Unfortunately, “our supplies are so tight, I don’t think there’s any
healthcare system here that can afford to send a whole shipment of our
supplies down there. We don’t know whether we’re going to have a spike.
And we’re easing up on restrictions, letting people go to the beach
again. It won’t be long before we’ll open up some other businesses and I
clearly think we’re going to see camel humps.”
It’s also unclear how well that those living south of the border are observing prevention guidelines.
It’s hard to know which patients are truly San Diego County
residents, and which ones have traveled from Mexico for care, Van Gorder
acknowledged. “Frankly, we have people who may not be citizens who are
using addresses here in the U.S., whether they are living here or not,”
he said.
‘About to Stop Breathing’
Juan Tovar, MD, an emergency medicine physician and Scripps’
physician operations executive in Chula Vista, said many of these
patients are very sick and near death when they come through the door.

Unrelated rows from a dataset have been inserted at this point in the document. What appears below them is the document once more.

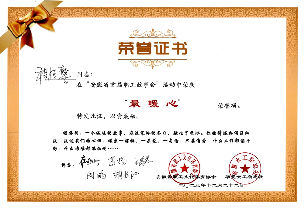 12月22日上午,由安徽省職工文體協(xié)會、華夏女工雜志社主辦,安徽省職工演講聯(lián)合會協(xié)辦的“講好職工故事·建設美好安徽——安徽省首屆職工故事會”決賽在合肥順利舉辦,由公司選送的選手程煜馨講述的《人生信條-橋柱子》在決賽21個作品中脫穎而出,代表公司斬獲“安徽省職工故事會·最暖心”獎。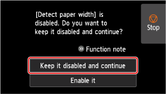 Установка для параметра Определение ширины бумаги (Detect paper width) значения Выключить (Disable)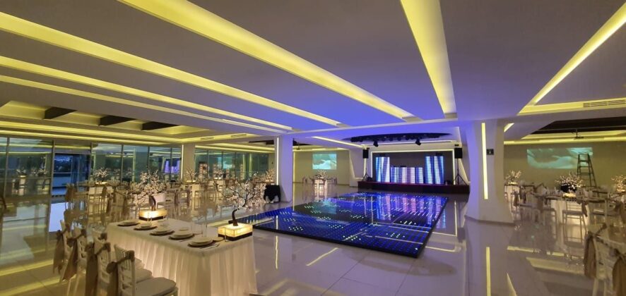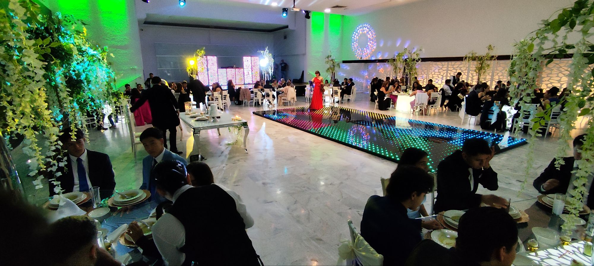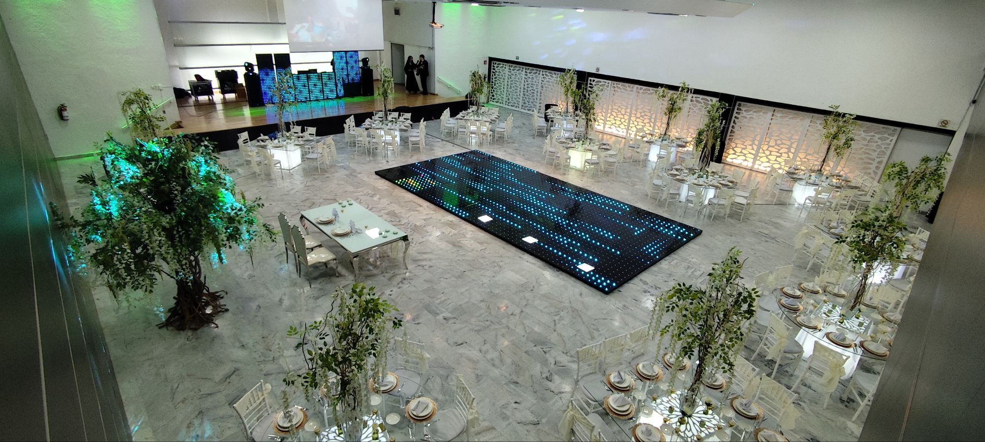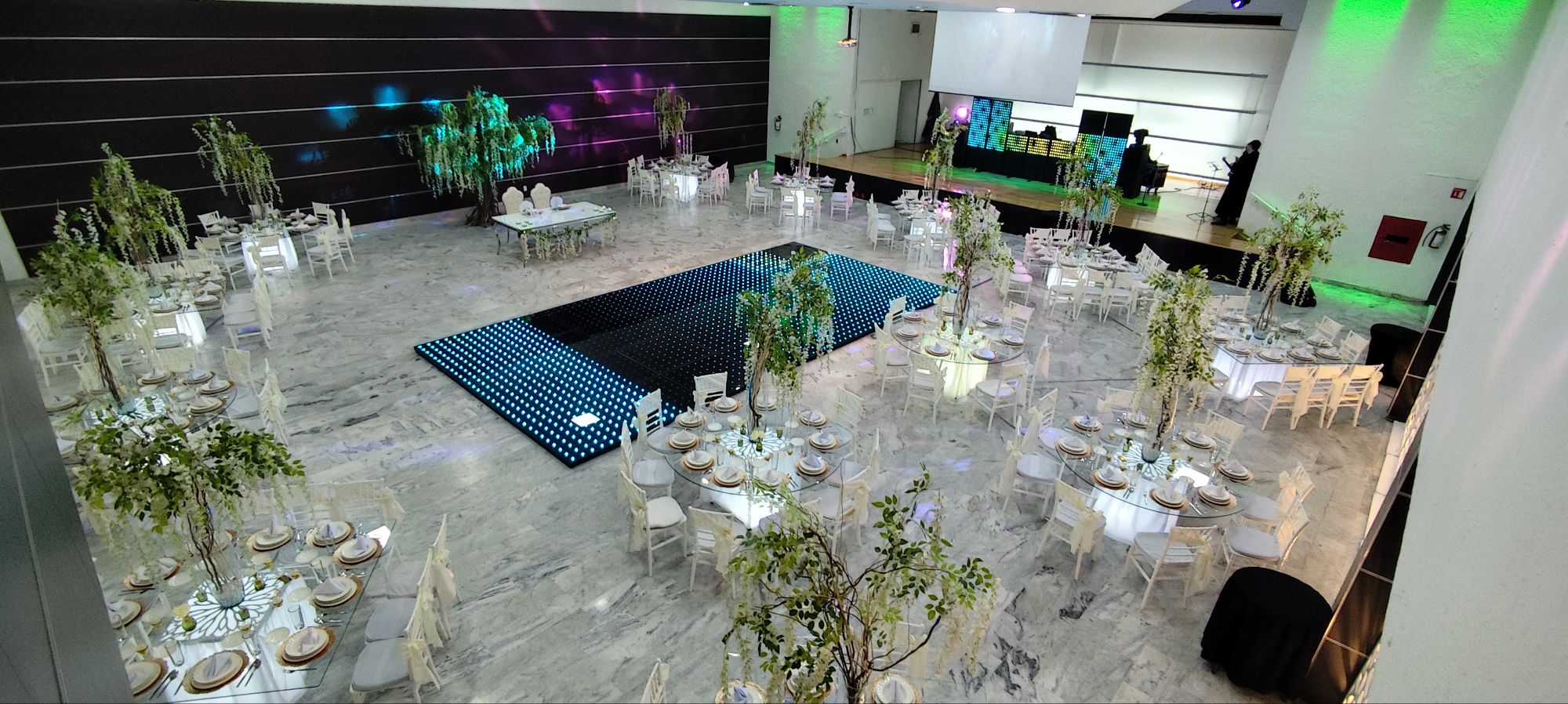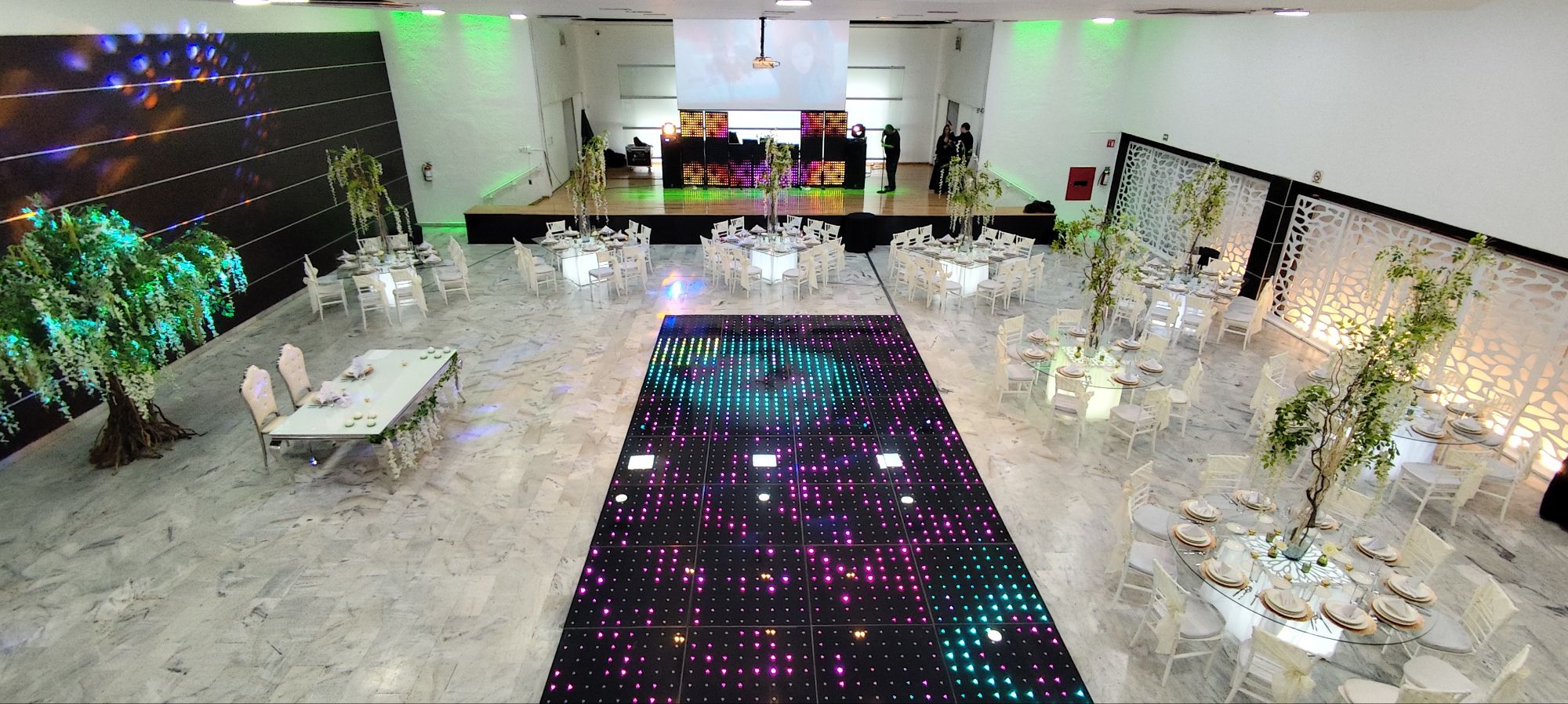 - Porque te montan una pista LED, luces, pantallas, DJ o grupos versátiles y todo el sistema de audio para que el ambiente esté siempre encendido.

“At the beginning, we saw a lot of people who just wanted to be
tested. They ranged from minimal to no symptoms to the direly ill. Now
we’re treating people who are coming in much sicker, with advanced
symptoms and some of them are getting intubated,” or going on
extracorporeal membrane oxygenation, Tovar said.

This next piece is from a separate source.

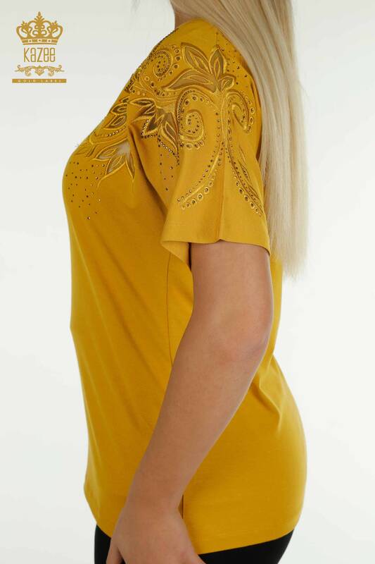 Venta al por mayor Blusa de Mujer Estampado Floral Manga Corta Bordado Piedra Azafrán - 79093 | kazee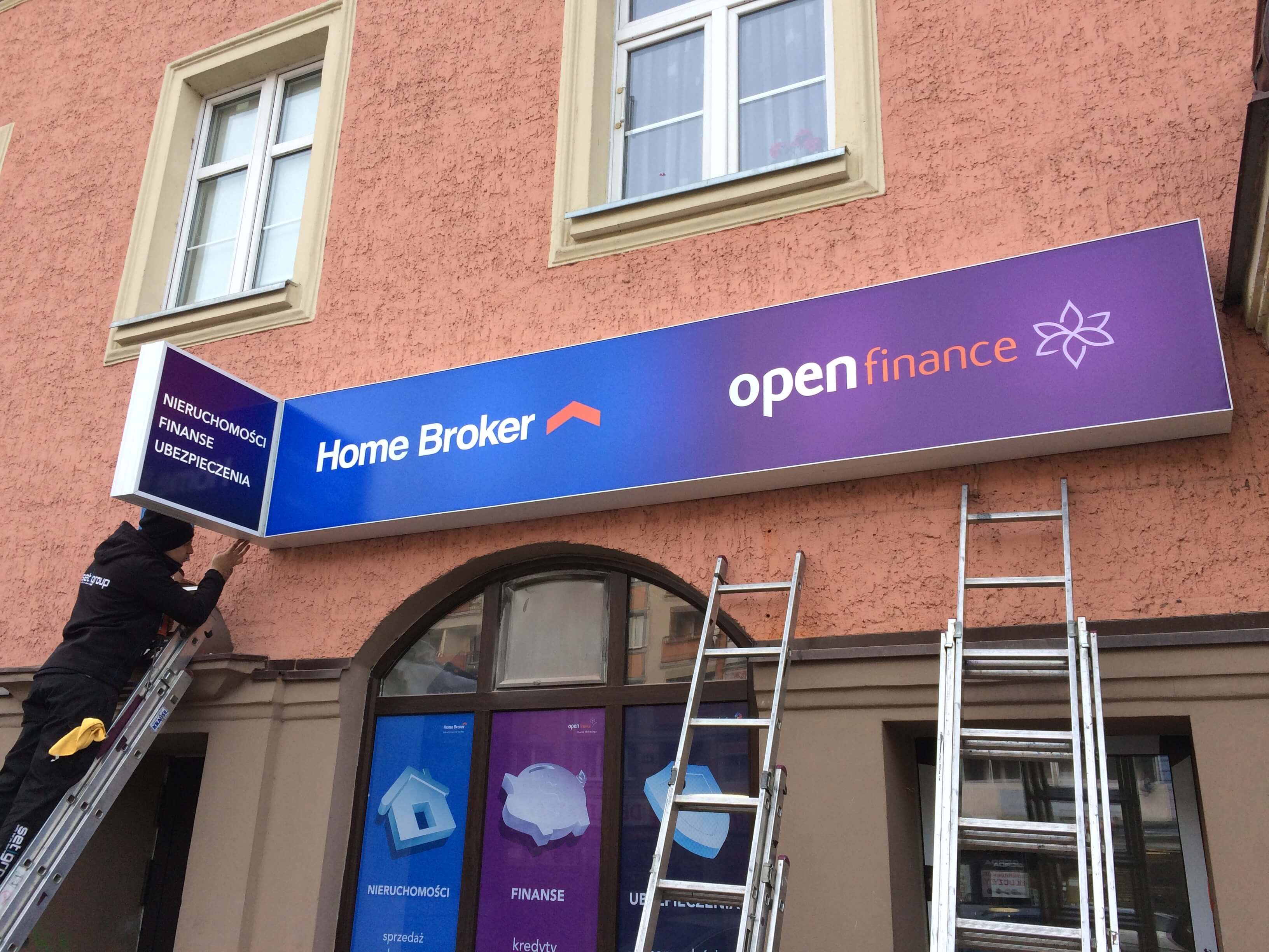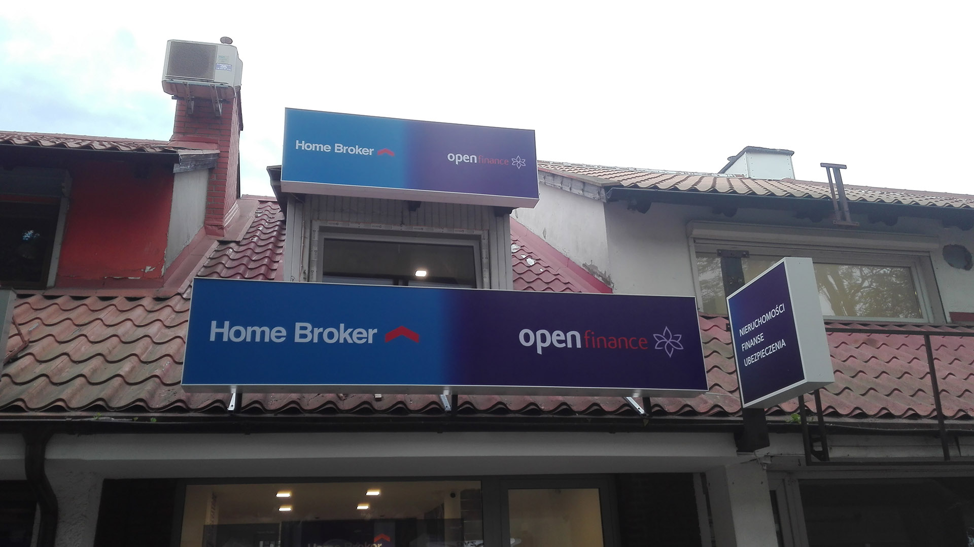 Open Firance jest jedną z największych firm doradztwa finansowego w Polsce od wielu lat. Do naszych zadań należało wykonanie wizji lokalnej lub przeprowadzenie wywiadu z franczyzobiorcą , na podstawie których wykonywaliśmy aranżacje placówki wewnątrz jak również oznakowanie placówki na zewnątrz. Kasetony, semafory, aplikacje z foli OWV, wydruki wielkoformatowe tablice produktowe z plexy, będące elementami każdej z placówek zostały wykonane w najwyższej jakości adekwatnej do przeznaczonego budżetu z uwzględnieniem ówczesnej standaryzacji znaku Open Finance & Homme Broker. Dzięki sprawnej organizacji w niespełna pół roku, oznakowaliśmy sieć nowo powstałych placówek franczyzowych Open Finance na terenie całej Polski.

“There are people who come in so sick, they are about to stop
breathing,” he said. “This is a tough disease, (and) a large percentage
of the people who get intubated do not get extubated.”
Though it’s widely believed that COVID-19 is most acute in the aged,
at Scripps Chula Vista, more common is the patient 35 to 60 years old.
The common link: comorbidities, such as congestive heart failure,
diabetes, obesity, and hypertension, conditions often more common in
Hispanic communities.
For some patients who might not do well with intubation, the hospital
is implementing proning combined with high-flow nasal cannula oxygen
therapy.
Worried CBP Personnel
Complicating the COVID-19 border issue is the safety of U.S. Customs and Border Protection personnel, Van Gorder said.
“I’m in almost daily contact with the CBP, and they’re not concerned
about stopping people coming across the border. They’re concerned about
the safety of their own employees … because there’s a huge number of
patients in the Mexicali area, and CBP has a large contingent of
employees out there.”
Van Gorder said Scripps is working with its affiliated Pioneers
Hospital, a 107-bed facility in Brawley, in agrarian Imperial County
just to the east of San Diego and 26 miles north of the Mexicali border,
to get CBP personnel tested.
The official Baja California case count was about 1,400 as of Tuesday, according to government presentations on Facebook with 464 others under investigation and 190 deaths, but it’s unclear how accurate those case counts are.
In their request letter to Azar, Van Gorder and Gross ask for more
federal supplies “because of the inadequacy of medical resources in
Mexico and its impact on San Diego.” They need testing supplies, PPE,
and pharmaceuticals for both San Diego and Mexico.
Both Gross and Van Gorder are now acutely aware how one
under-recognized element such as the border can change the course of an
epidemic from coming under control to not being under control because of
conditions out of their control.
“Look how quickly, all of a sudden, something just five miles away, a
variable has the opportunity to reshape our experience within our
country. Everyone needs to have a broad vision … not just focusing on
their own community … but be aware that what surrounds them can affect
them in very dramatic ways.”
Added Van Gorder, “If all of a sudden we see a spike down the road,
everything we’ve been trying to prevent, which is the overwhelming of
our healthcare system — well, we can find ourselves overwhelmed again.”